Paper title: Echoes of Privacy: Uncovering the Profiling Practices of Voice Assistants
Artifacts HotCRP Id: 16
Requested Badge: Functional
This artifact includes automation scripts for conducting voice and web experiments with voice assistants and Google searches, and the dataset of queries used in our experiemtns. It also includes a pre-configured virtual machine (VM) to facilitate the setup and execution of these experiments. The provided VM is configured with all the necessary dependencies and tools for running these scripts. Our experimental approach, as detailed in the paper, also has manual steps that are not included in the artifact because they are manual (and therefore there is no code for them besides the methodology steps explained in the paper).
-
Voice Experiments: The
voiceassistantscript.py
script plays recorded audio queries one after another, with a one-minute delay between each playback. This delay gives the voice assistant time to finish responding to the previous query before starting the next one. -
Web Experiments: The
seleniumscript.py
script automates Google search experiments. By entering queries and login credentials in the code, the script logs into a Google account and submits each query automatically. This allows us to observe how these queries may influence user profiling over time.

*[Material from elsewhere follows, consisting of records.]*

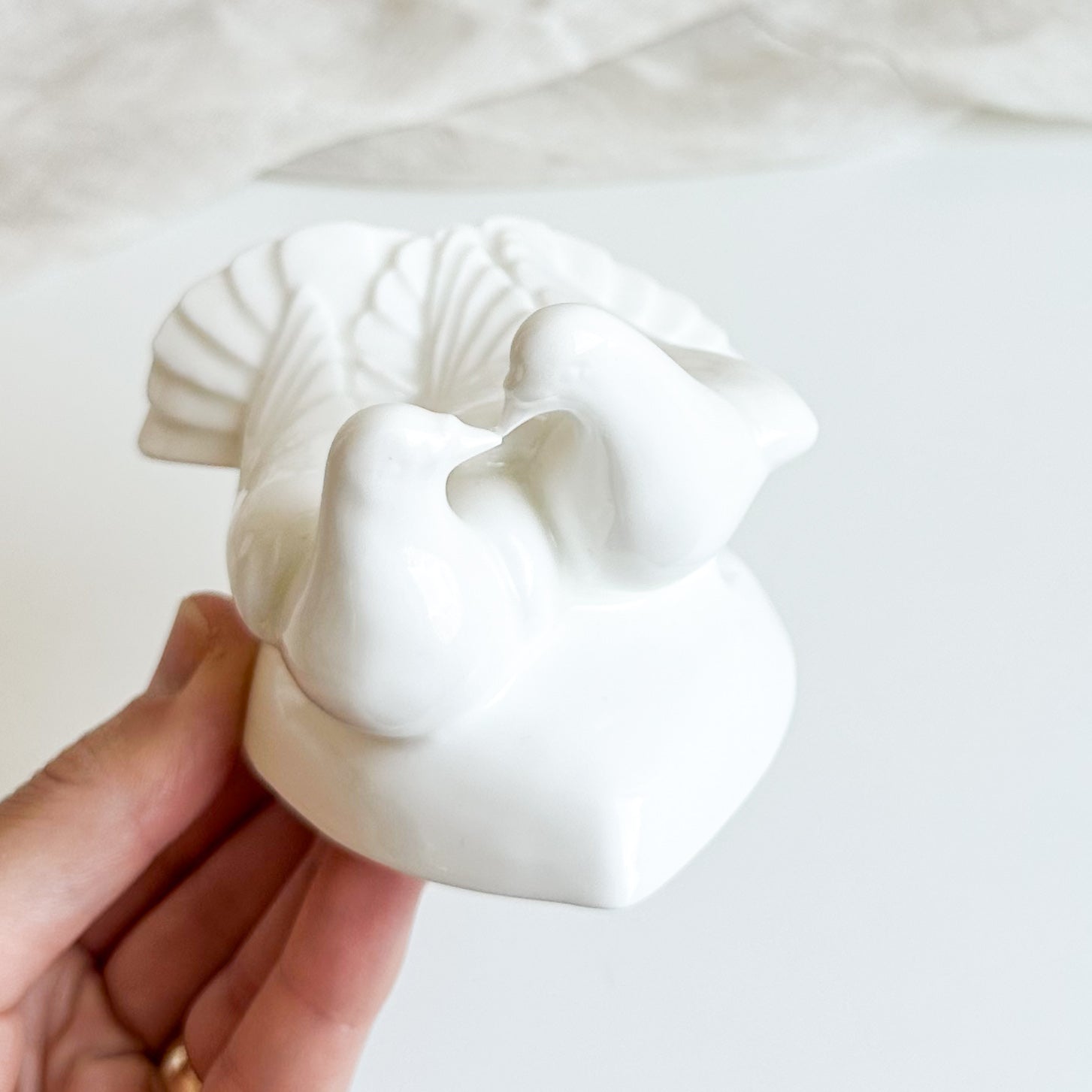 Beautiful porcelain figurine featuring two white doves, made in 1996 by Royal Doulton as part of their Images of Nature collection. This design is called “Devotion”.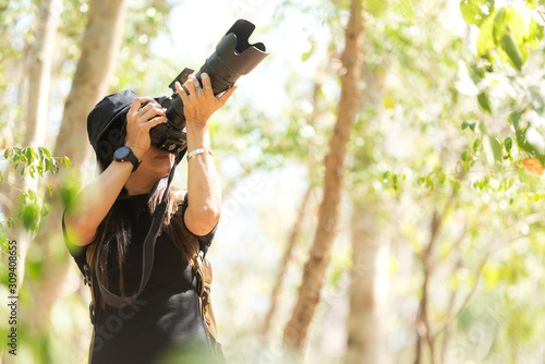 Asian woman exploring forest green natural capturing beauty nature outdoor. Photographer backpack adventure walking and holding camera for take a photo for explore trip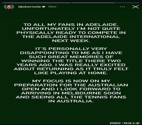 “很遗憾,我的身体状态尚未准备好参加下周的阿德莱德国际赛。 这对我个人而言非常令人失望,因为我对两年前在那里夺冠的经历仍记忆犹新。我原本对重返赛场满怀期待,那里于我而言就像主场一样。 如今我的重心已放在澳网的备战上,我期待很快抵达墨尔本,与澳大利亚所有的网球迷相见。”德约科维奇在声明中坦率地表达了身体状态未达最佳的事实。 字里行间透露出这位网坛传奇复杂的心绪,既有对无法参赛的遗憾,也有对过往荣耀的珍视,更有对澳大利亚这片土地的深厚情感。
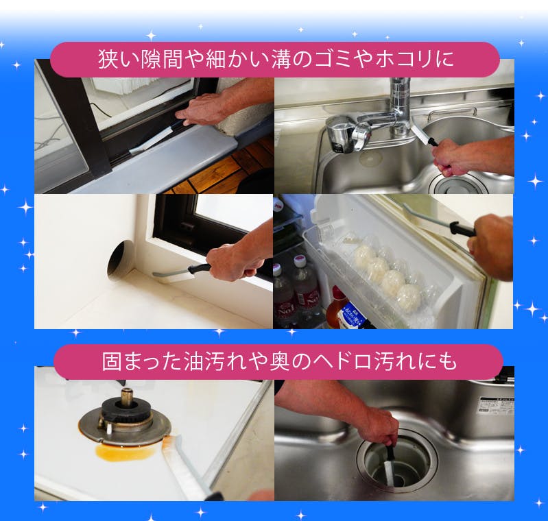 狭い溝のお掃除はもちろん!コンロの隙間に溜まった頑固な油汚れも、このとおりスッキリ綺麗に。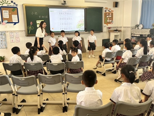 首先,调研组和语文科组的全体老师共同观摩了一年级刘凯银老师展示的课例《小池》。课上,刘老师运用各种诵读的方式,带领学生感受古诗当中的韵律之美,并通过图文结合等方法感知古诗所描绘的夏日荷塘的和谐与情趣,让学生多方位领略中华优秀传统文化吟诵的魅力。课堂上,刘老师还邀请了学校音乐老师为学生们进行古筝伴奏,让学生们在音乐中进一步领略吟诵的美。课后,刘老师大方沉稳,有条不紊地说课,充分展示中山市实验小学教育集团大丰小学青年教师的风采。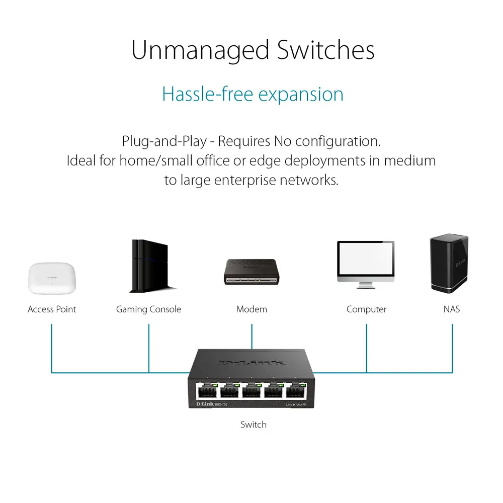 The D-Link DGS-105 is a silent, metal-cased 5-port Gigabit Ethernet switch that adds instant, lag-free wired connectivity to any home, office, or creator workspace. With a 10 Gbps switching fabric, QoS traffic prioritization, and Green Ethernet power savings, it supports a wide range of applications, from 4K streaming and online gaming to VoIP phones and smart home hubs—no configuration required. Desktop or wall-mount, the fan-free design helps with staying cool and quiet for years, backed by D-Link’s Limited Lifetime Warranty and North American-based support.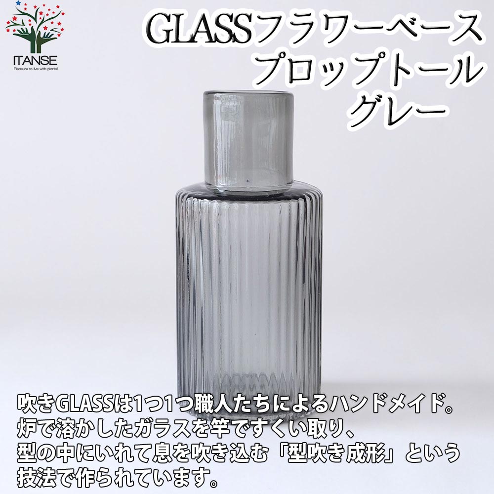 GLASSフラワーベース プロップトール・グレー【吹きガラス/Size:底面直径12.5cm×高さ27cm/品番:107770GY...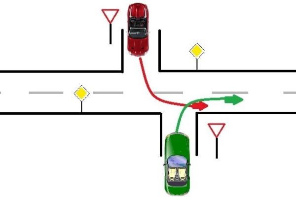 Ťažko povedať, pretože v praxi by bola určite označená aj križovatka. Teraz je to viac menej kto z koho. Ak červené vyrazí, je už na hlavnej a zelené mu dáva prednosť. Ak bude šikovnejší druhý vodič, ide prvý on, lebo mu nič nekrižuje cestu. Je to v tomto prípade na dohode.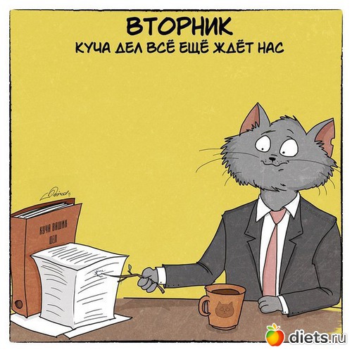 — Значит, Дмитрий, нам придется посадить вас на диету. Смотрите: Понедельник — яблоки, Вторник — рыба, Среда — только минеральная вода...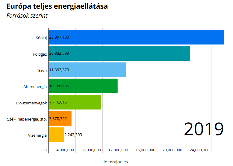 Európa teljes energiaellátásnak alakulása 1990-ben és 2019-ben energiaforrások megoszlása szerint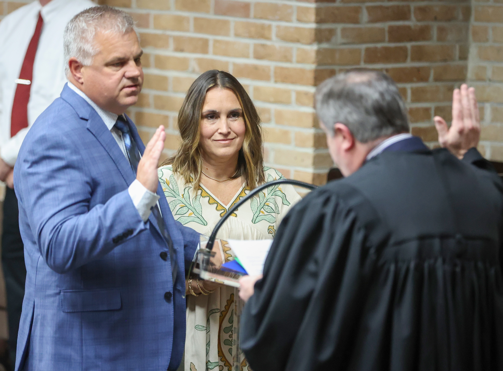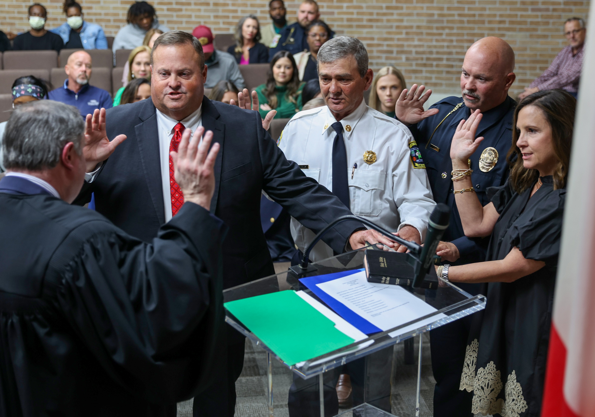 Municipal Judge Karean Reynolds, City Clerk Becca Smith, Director of Public Safety Chuck Brooks, Police Chief Ken Sessions and Fire Chief Ronald Peebles were also sworn into their positions.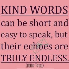 My 12-year-old nephew was visiting after school. I reached out to touch his hair saying you have the best hair, and the longest eye lashes. I went further to say, “In fact, did you know you are one of the kindest young men that I know?” He looked right into my eyes and genuinely wanted to know if I really believed what I was saying? He then went on to say that he thought I was the only person in his life that felt that way because I was the only one that said it. I was surprised that he did not simply know it because he is fortunate enough to be surrounded by a loving family. Again, this simple kind gesture of speaking what I thought had deep meaning for him.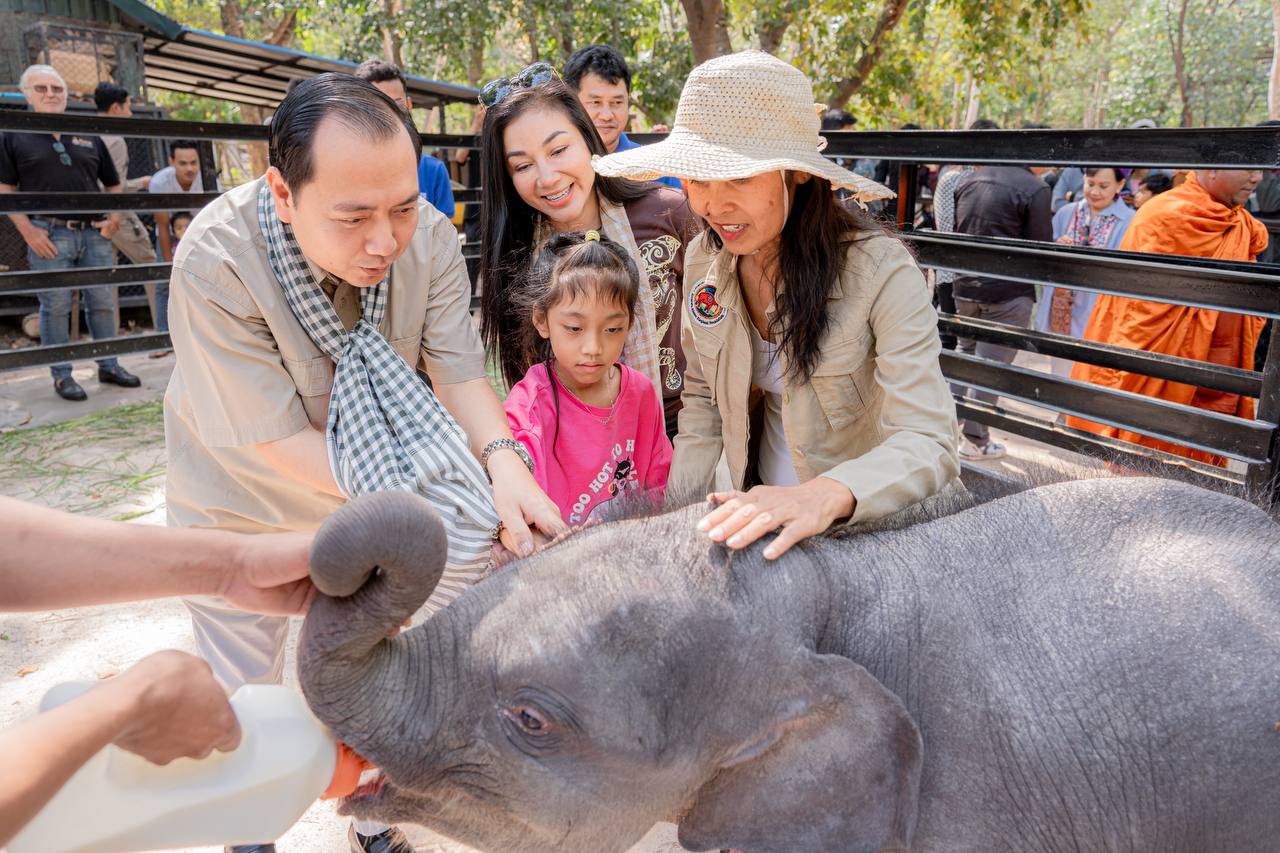 H.E. Neth Pheaktra Visits Rescued Elephant Calf "Somnang Lomphat" at Phnom Tamao Wildlife Rescue Centre
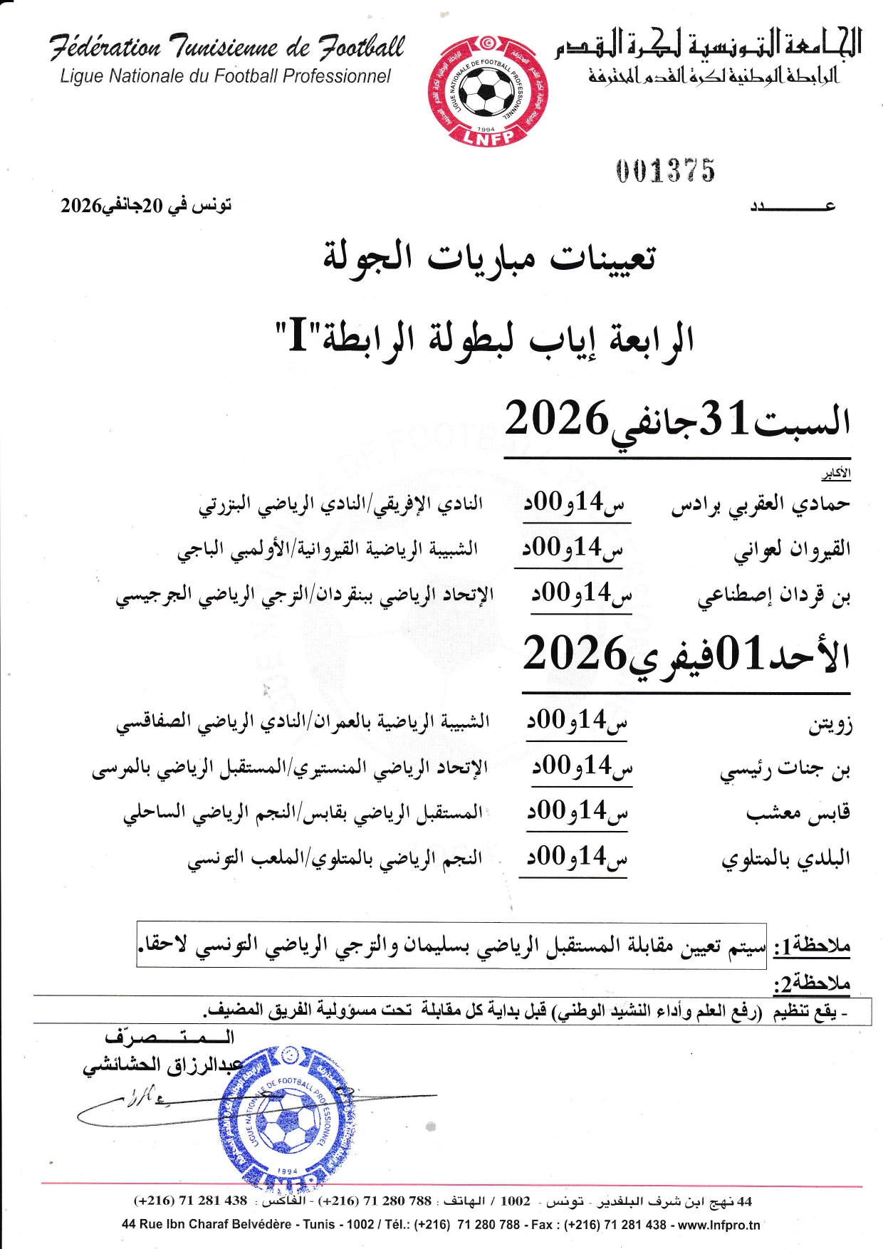 I تعيينات مباريات الجولة الرابعة إياب لبطولة الرابطة

These scripts provide a way to run and observe interactions with both voice and web interfaces in an automated fashion.
There are also two folders Amazon Queries
and Google Queries
containing the queries we used in our experiments for Amazon and Google and Siri. (We used the same Google queries for Siri as discussed in the paper).
- Account Credentials: Since the
seleniumscript.py
script requires users to enter their Google login credentials, there is a risk associated with storing and processing these credentials. Users should use a test account rather than a personal or sensitive account to avoid unintended data exposure. Additionally, please ensure that credentials are not stored in code files or shared inadvertently. - Intended Use: The artifact should only be used for research and review purposes as intended by the submission guidelines. The automation scripts are not intended for any malicious or unauthorized use.
This document outlines the hardware and software requirements for executing the artifact, either within the provided Virtual Machine (VM) or on your own system. The VM is pre-configured with all dependencies, simplifying setup for reviewers.
-
Host System Requirements:
- RAM: At least 8 GB (6 GB allocated to the VM, 2 GB for the host OS).
- CPU: A multi-core processor with virtualization support (e.g., VT-x/AMD-V enabled).
- Storage: Minimum 20 GB of free disk space to accommodate the VM file and additional data.
- Virtualization Software: VirtualBox (latest version recommended).
- Audio Output: A speaker connected to the computer is necessary for the
voiceassistantscript.py
python file.
-
VM Audio Specifications:
-
Host Driver: Windows DirectSound, configured to use the host system's audio capabilities.
-
Controller: ICH AC97, commonly supported and emulated audio controller.
If your system meets the above requirements, simply download and import the pre-configured VM to get started.
If you prefer to run the artifact directly on your host system, ensure the following hardware configurations:
- Processor: A multi-core CPU is recommended to handle the computational demands efficiently.
- RAM: Minimum of 4 GB required to ensure smooth operation.
- Storage: At least 1 GB of free disk space is needed for installation and runtime data.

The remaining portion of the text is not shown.